Dumbly he shook his head. Following the direction of his fixed stare, she saw the man and understood. “Bruce, I do wish you’d stop being silly. The man isn’t going to fall and if he did it wouldn’t hurt you. You aren’t a child and this is pure affectation. It’s tiresome. If you had a little more imagination, you’d understand that it’s not very nice for me....”

He was too exhausted to notice her gesture of removal, of disdain at his unconscious shudder as he looked back at his mother’s window. They walked on in silence. Consciously he expected nothing from her. She could be deeply sympathetic, but the need must be obvious. She could be tender but she had no faculty for sustaining that emotion. Protracted suffering irritated her, like a personal affront. Her favorite brother Frank had died following an attack of typhoid fever. He had been a long time dying and his pains had worn him to a skeleton. His condition had tormented Bruce, but Cora, when not indifferent, was annoyed. When he died, she was heartbroken....

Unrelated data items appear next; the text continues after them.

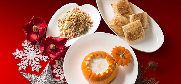 上海醉月樓(39F)廚藝精湛的料理團隊獻上一系列經典道地的滬式珍饈,以傳承數十年的功夫技法,在摩登優雅的饗食空間中,品味令人讚不絕口的巧思風味。聖誕節12/24、25及新年12/31、1/1期間,主廚戴忠麟推出多款單點美饌如「焗烤藍莓火雞」、「鹽焗烤火雞腿」、「彩椒蘆筍炒火雞片」及「竹笙雞絲燕窩南瓜湯」等滬式佳餚,,還有聖誕及新年套餐-特製八道式滬式饗宴,讓人大飽口福!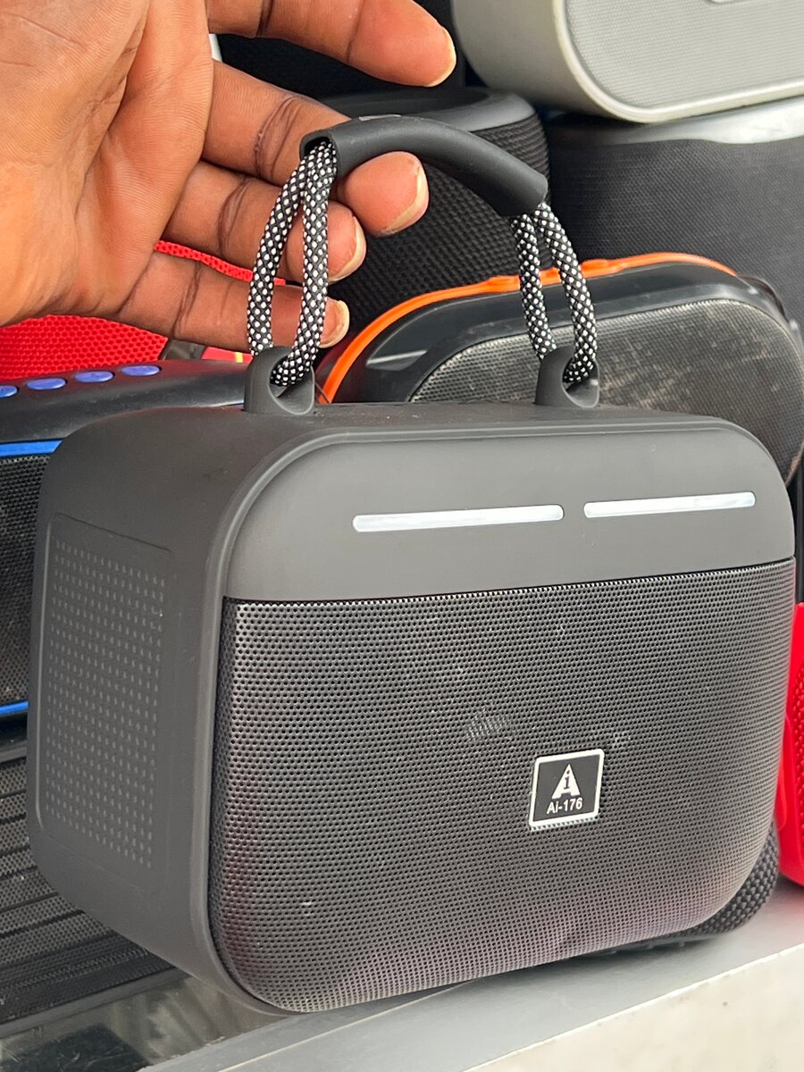 Enjoy powerful sound on the go with this sleek portable Bluetooth speaker. Featuring a compact design with ergonomic handle, it's perfect for picnics, beach outings, or home use. Connects effortlessly to devices with USB and AUX inputs. Ideal for music lovers seeking convenience and style.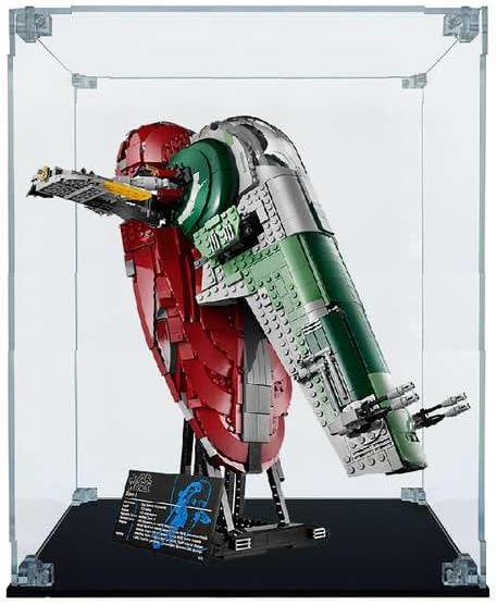 La teca in Plexiglass su misura compatibile con Slave 1 LEGO 75060 Modello Arca Lite spessore lastre 4mm Base in Plexiglass nero lucido spessore lastra 5mm Viti e angolari trasparenti 100% Made in Italy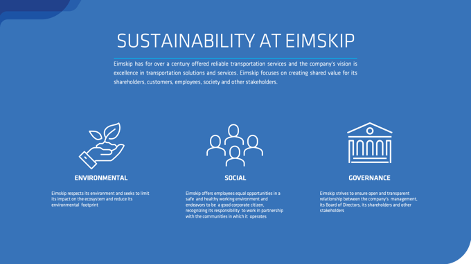 Eimskip vinnur eftir leiðbeiningum frá Nasdaq. ESG inniheldur 30 mælikvarða sem auðvelda birtingu upplýsinga á skýran og aðgengilegan hátt er varðar umhverfi (e. Environmental), félagslegir þættir (e. Social) og stjórnarhættir (e. Governance).

Beneath his consciousness, he longed for something—a word, an attitude of mind—a hint of harmony. He was too dulled to be aware of discord, but it lay sharply on deep nerves. It was the moment of a crisis in their lives; but neither realized it, not then. Not until long afterwards did Bruce get a glimpse of the significance of his profound loneliness in that hour. Doubtless to Cora it remained ever an irritation, a part of the emotional silliness that was Bruce. Nevertheless, their steps had drawn apart and they were not again to go forward as one person.